(ENTRIES SUPPLIED begins)

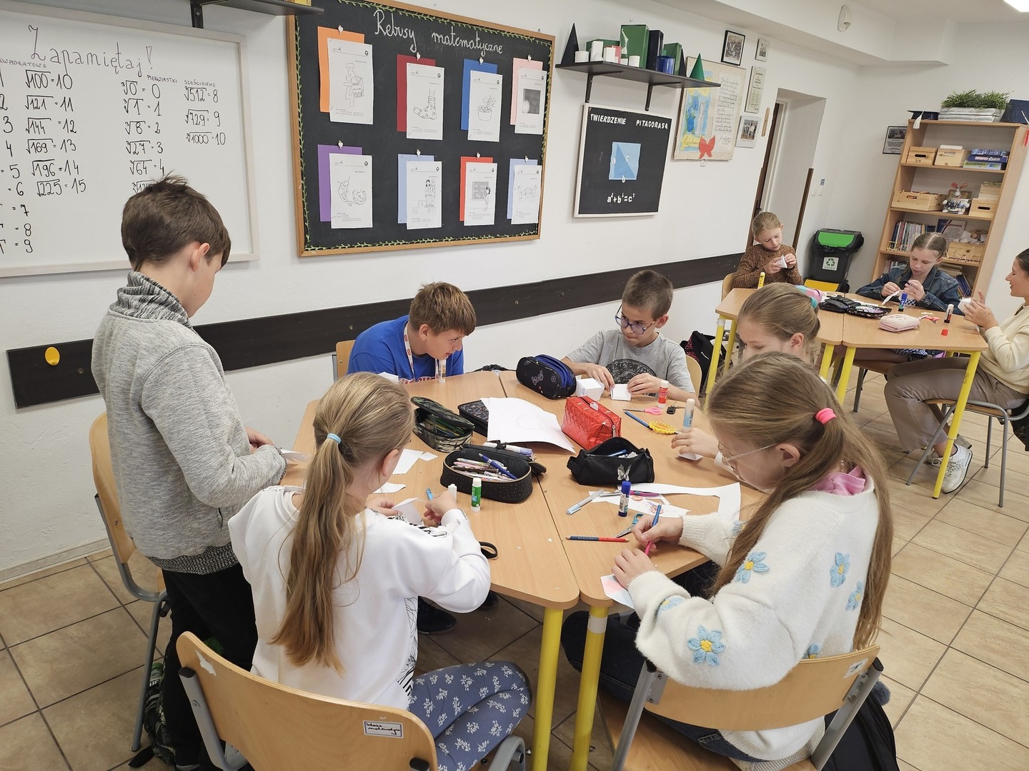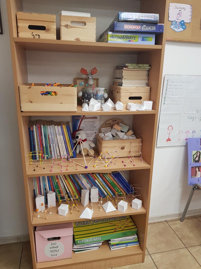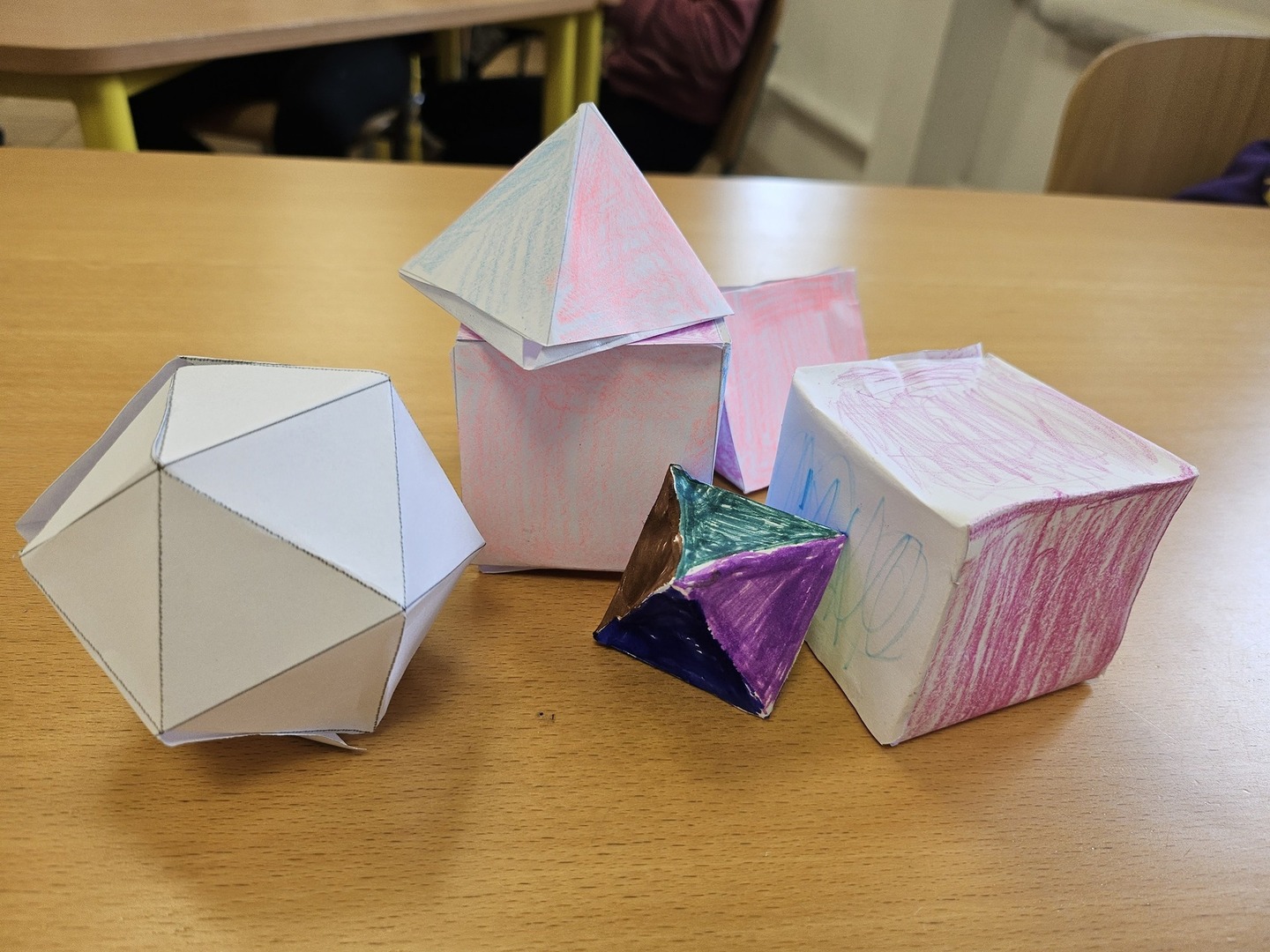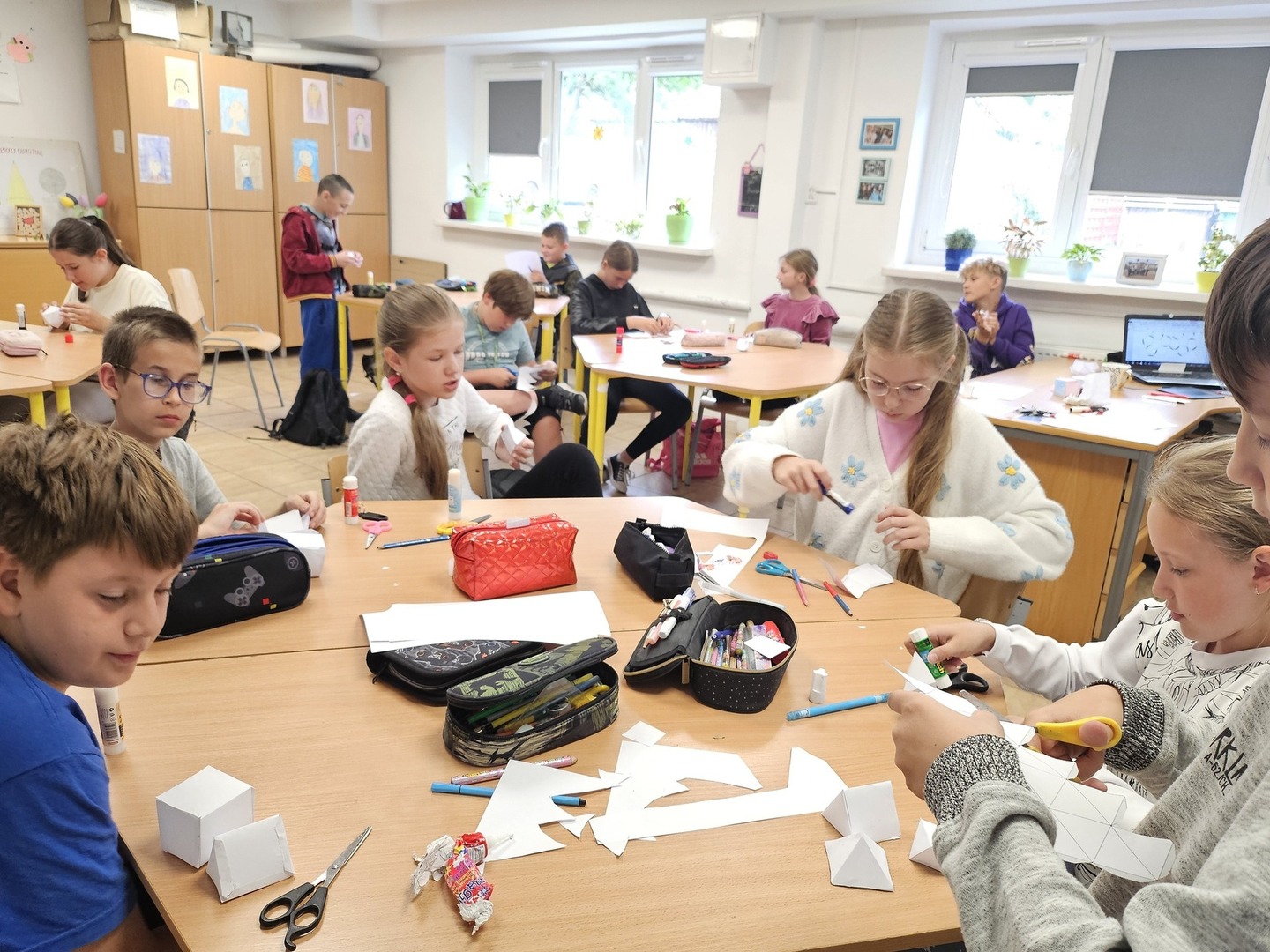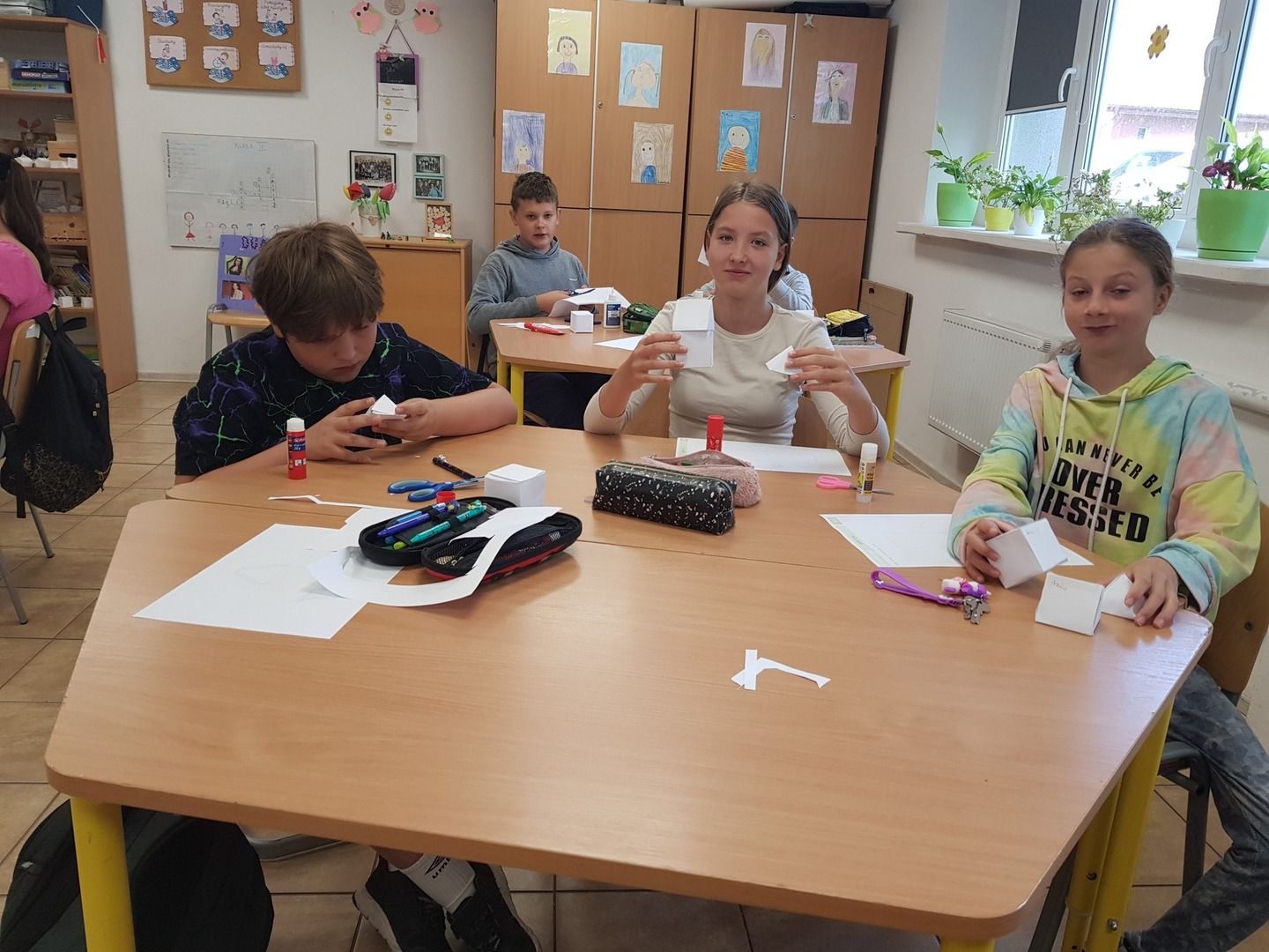 Na lekcji matematyki uczniowie samodzielnie sklejali siatki brył. Efekty można podziwiać w klasie matematycznej.
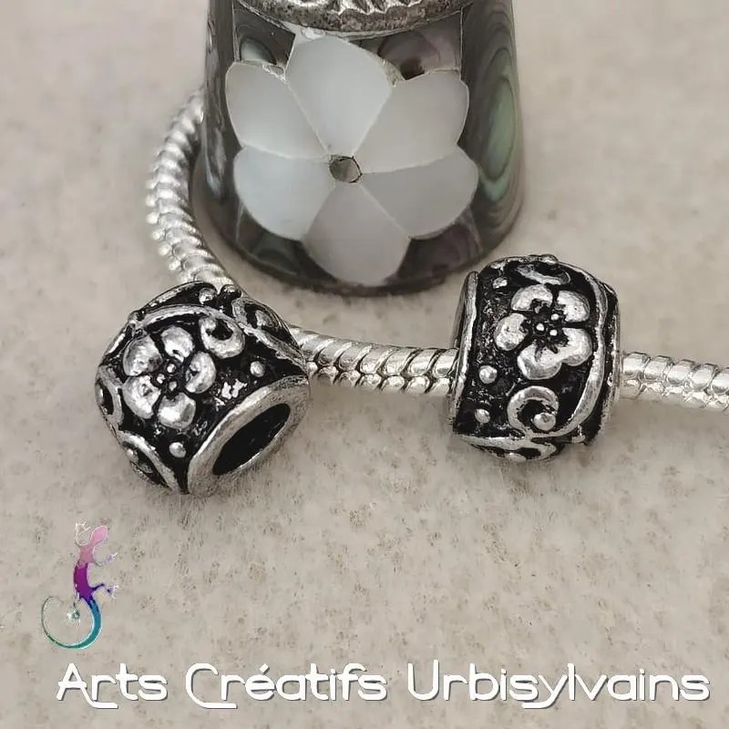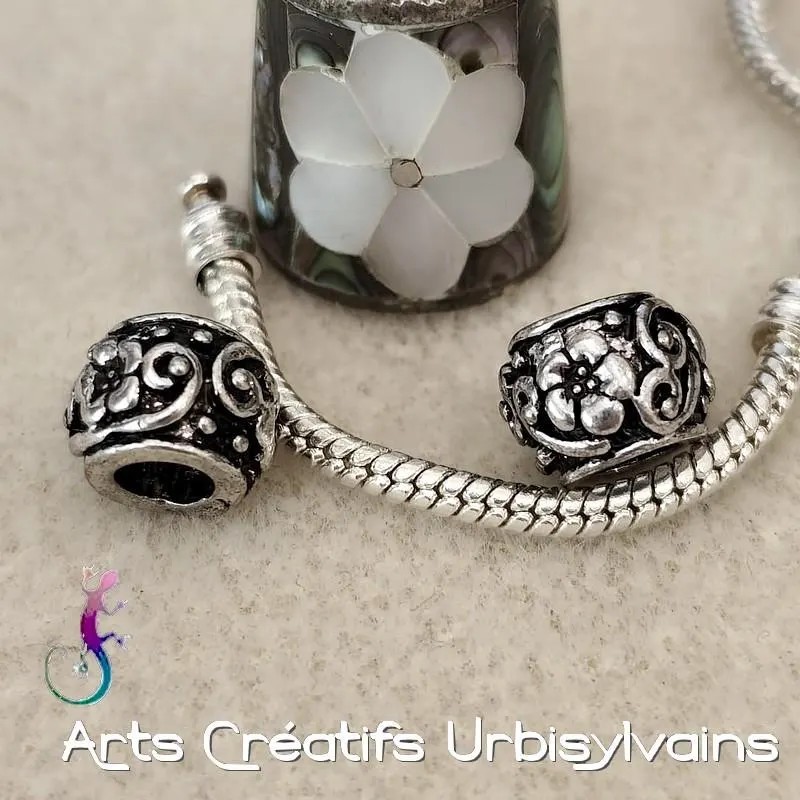 Perle anneau ouvragé en métal argenté pour bracelet ou collier européen.
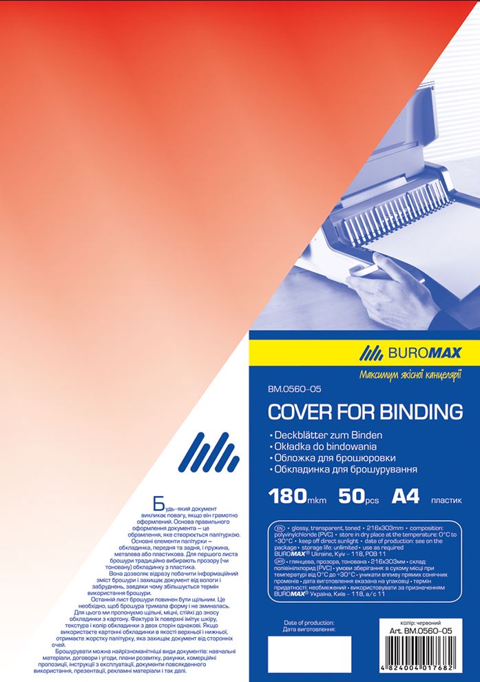 Обкладинка для брошурування “BuroMAX” /BM.0560-05/ А4, 180мкм, ЧЕРВОНА (50/1000)
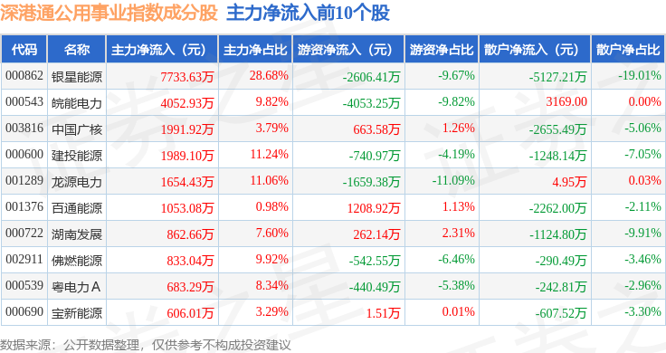 资金流向方面,深港通公用事业(983031)指数成份股当日主力资金净流入合计6822.41万元,游资资金净流出合计5586.39万元,散户资金净流出合计1236.02万元。成份股资金流向详情见下表:
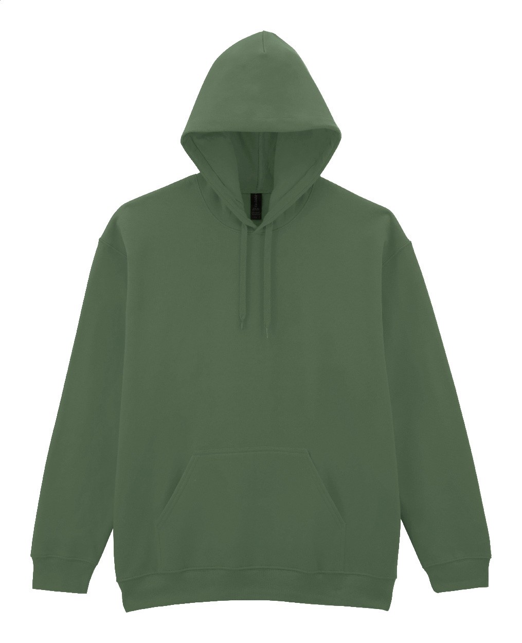 Hanorac cu glugă, din 80% bumbac și 20% poliester, cu buzunar frontal. 285 g/m² (alb 278 g/m²). Produs marca Gildan.
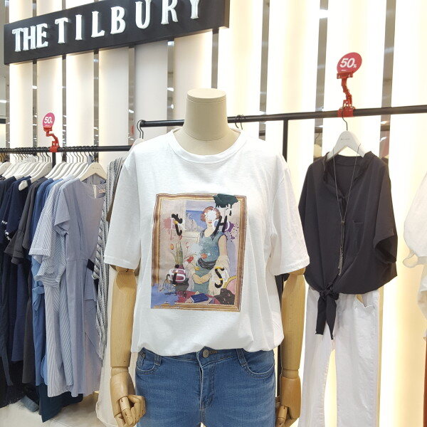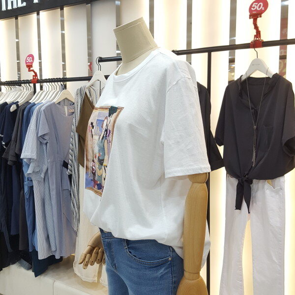 전면 프린트가 포인트인 라운드 티셔츠입니다.여러 아이템과 매치하여 트랜디하게 연출해보세요.
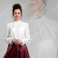 В комплект входит белая блуза из мягкого хлопка с длинными рукавами-реглан, завершающимися воланом, украшенным натуральным хлопковым кружевом. Горловина аккуратно стягивается тесёмкой, позволяя легко регулировать вырез, а по краю — тонкое кружево, добавляющее образу воздушности и благородной скромности.
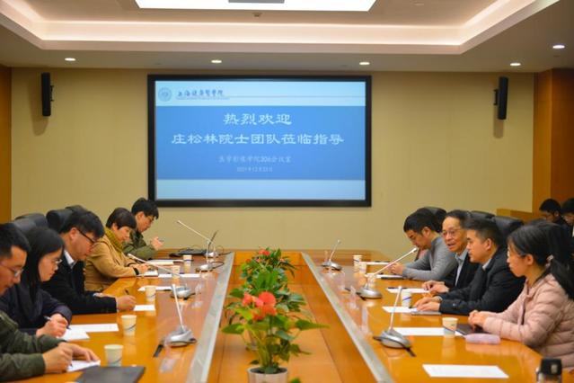 2021年12月23日下午,上海理工大学庄松林院士团队应邀来到我校进行学术交流。上海理工大学光电学院院长庄松林院士、常务副院长张大伟教授、宋波教授、常敏教授、谢新妹主任一行与会。我校吴韬校长、科技处、医学影像学院、医疗器械学院、上海市5G+智慧医疗创新实验室师生50余人参与交流。

(ENTRIES SUPPLIED ends)

■ **WORK REQUEST**
Copy out all of the entries exactly as they stand, with no pictures in your copy.

■ **FINISHED TASK**
 Na lekcji matematyki uczniowie samodzielnie sklejali siatki brył. Efekty można podziwiać w klasie matematycznej.
 Perle anneau ouvragé en métal argenté pour bracelet ou collier européen.
 Обкладинка для брошурування “BuroMAX” /BM.0560-05/ А4, 180мкм, ЧЕРВОНА (50/1000)
 资金流向方面,深港通公用事业(983031)指数成份股当日主力资金净流入合计6822.41万元,游资资金净流出合计5586.39万元,散户资金净流出合计1236.02万元。成份股资金流向详情见下表:
 Hanorac cu glugă, din 80% bumbac și 20% poliester, cu buzunar frontal. 285 g/m² (alb 278 g/m²). Produs marca Gildan.
 전면 프린트가 포인트인 라운드 티셔츠입니다.여러 아이템과 매치하여 트랜디하게 연출해보세요.
 В комплект входит белая блуза из мягкого хлопка с длинными рукавами-реглан, завершающимися воланом, украшенным натуральным хлопковым кружевом. Горловина аккуратно стягивается тесёмкой, позволяя легко регулировать вырез, а по краю — тонкое кружево, добавляющее образу воздушности и благородной скромности.
 2021年12月23日下午,上海理工大学庄松林院士团队应邀来到我校进行学术交流。上海理工大学光电学院院长庄松林院士、常务副院长张大伟教授、宋波教授、常敏教授、谢新妹主任一行与会。我校吴韬校长、科技处、医学影像学院、医疗器械学院、上海市5G+智慧医疗创新实验室师生50余人参与交流。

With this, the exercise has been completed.